Extracted records

━━━━

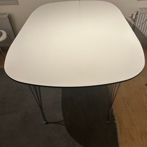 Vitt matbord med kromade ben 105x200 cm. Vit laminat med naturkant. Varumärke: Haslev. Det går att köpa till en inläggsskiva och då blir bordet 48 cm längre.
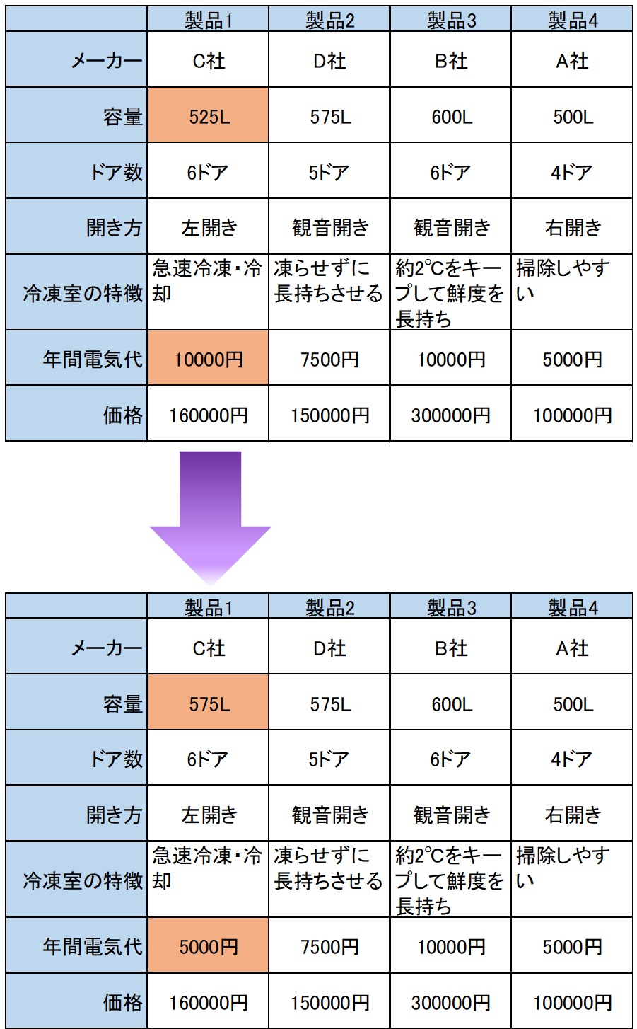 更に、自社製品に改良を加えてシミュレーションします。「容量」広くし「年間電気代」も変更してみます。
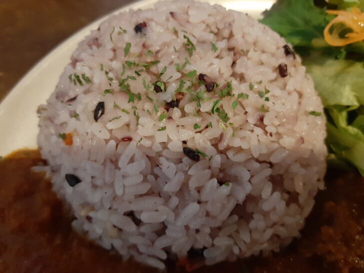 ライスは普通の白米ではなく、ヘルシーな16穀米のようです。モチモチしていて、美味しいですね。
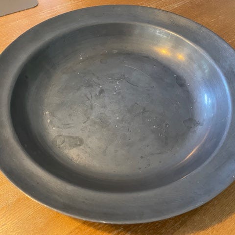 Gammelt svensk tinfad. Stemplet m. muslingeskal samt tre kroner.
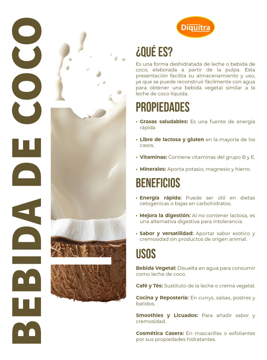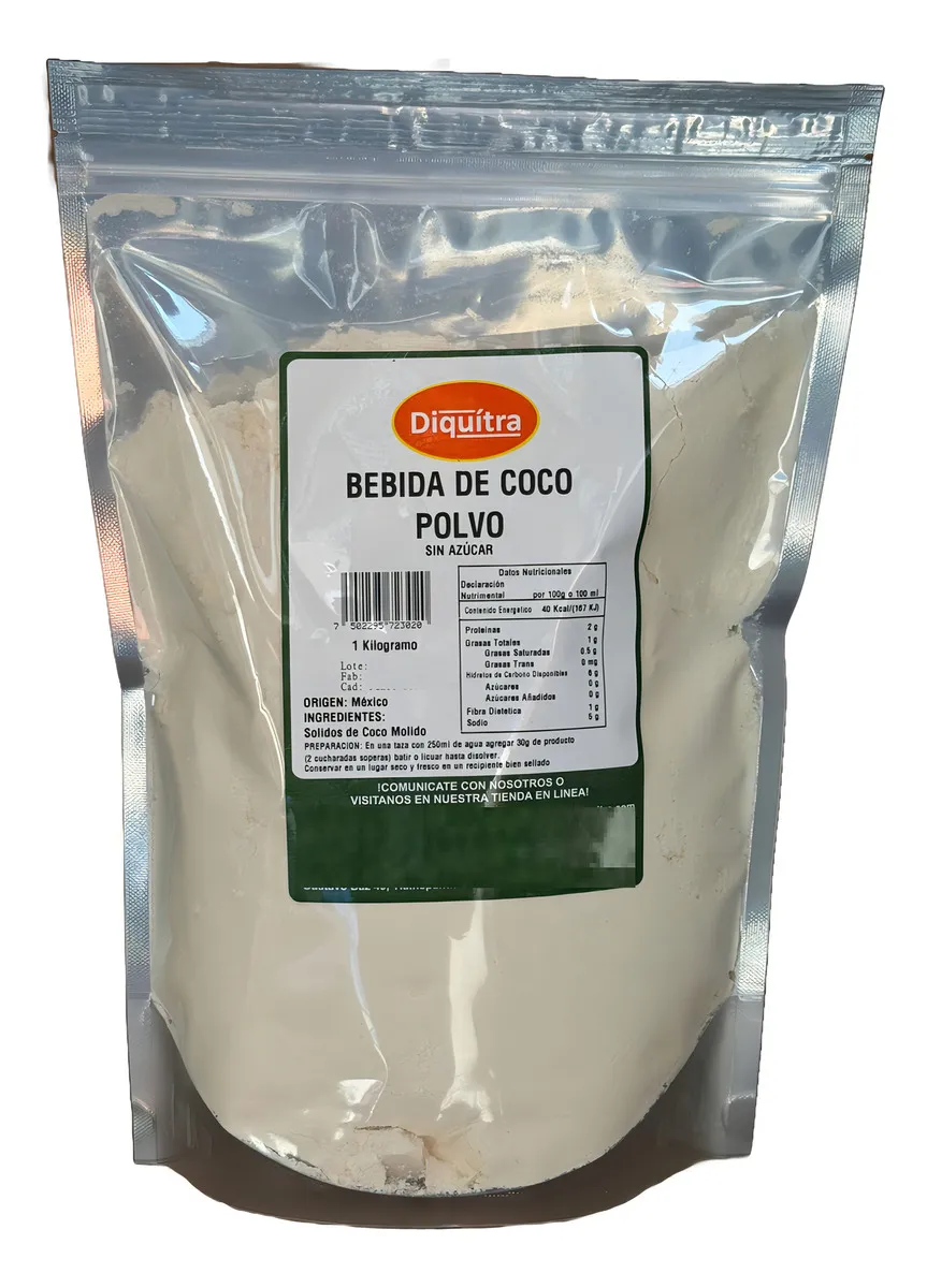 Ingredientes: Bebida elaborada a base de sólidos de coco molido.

━━━━

• [Task requirements]
The records above are to be restated word for word, excluding all pictures.

• [Exercise answer]
 Vitt matbord med kromade ben 105x200 cm. Vit laminat med naturkant. Varumärke: Haslev. Det går att köpa till en inläggsskiva och då blir bordet 48 cm längre.
 更に、自社製品に改良を加えてシミュレーションします。「容量」広くし「年間電気代」も変更してみます。
 ライスは普通の白米ではなく、ヘルシーな16穀米のようです。モチモチしていて、美味しいですね。
 Gammelt svensk tinfad. Stemplet m. muslingeskal samt tre kroner.
 Ingredientes: Bebida elaborada a base de sólidos de coco molido.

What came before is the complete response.